Well, except for the fact that you can control physical access to the server without impacting their clients. It's harder to completely lock down a machine the kids have access to. Given the kids involved, that may be an important detail.
pogson

Dec 10, 2007
4:12 PM EDT
Check out K12LTSP or EdUbuntu. They make installing a GNU/Linux terminal server easy.

Alternatively, you can set up a fairly powerful newer machine as the server and two old boxes as clients. To make the boxes really kid-proof, you can lock down the BIOS and remove all drives. You could leave a live CD in a drive and lock it inside the box.
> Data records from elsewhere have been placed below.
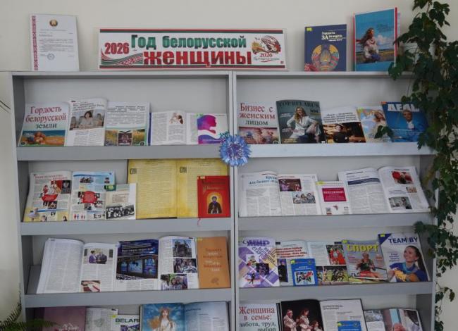 У чытальнай зале бібліятэкі (вул. Пушкіна, 4, аўд. 3332) аформлена кніжна-ілюстрацыйная выстаўка “2026 – Год беларускай жанчыны”.
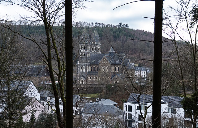 As the trail reaches Clervaux, the town slowly reveals itself between the hills. The towers of the Church of Saints Cosmas and Damian rise first — a neo-Romanesque landmark from 1910–1911 that seems to welcome hikers into the valley.
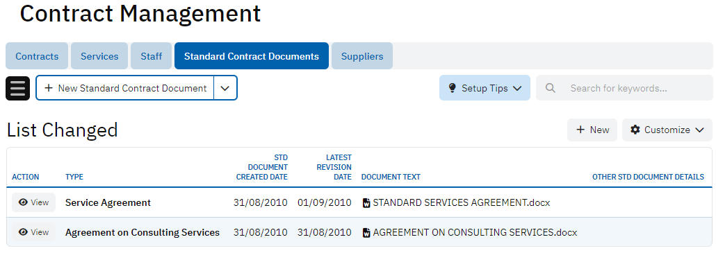 The Standard Contract Documents table holds templates and standard documents used in contracts. It includes the document type, creation and revision dates, document text, and other details. This table ensures that standard documents are easily accessible and up-to-date.
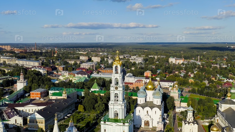 Сергиев Посад, Россия.Троицко-Сергийская лавра - крупнейший мужской монастырь Русской православной церкви с долгой историей.Расположен в центре Сергиева Посады.Солнечный свет, взгляд из воздуха

The usual way schools do it is set the BIOS to boot PXE from the server so users do not have access to drives and stuff. Dansguardian is way cool. If you like you can ban EVERYTHING and permit only a few chosen sites. That is the best. Negotiate with them to choose the permitted sites. Lxer might be OK...

To ban everything, you would not use Dansguadian but iptables. Right before the DROPs, put in ACCEPTS only for the approved sites. I have never done this but it would give you ultimate power. Dansguardian could still filter stuff for content, but you can restrict them to pre-approved sites.
techiem2

Dec 11, 2007
11:24 AM EDT
I believe Dansguardian also has the ability to do time based access control so you could set available times. I haven't (yet) looked very deeply into myself yet though (but I need to).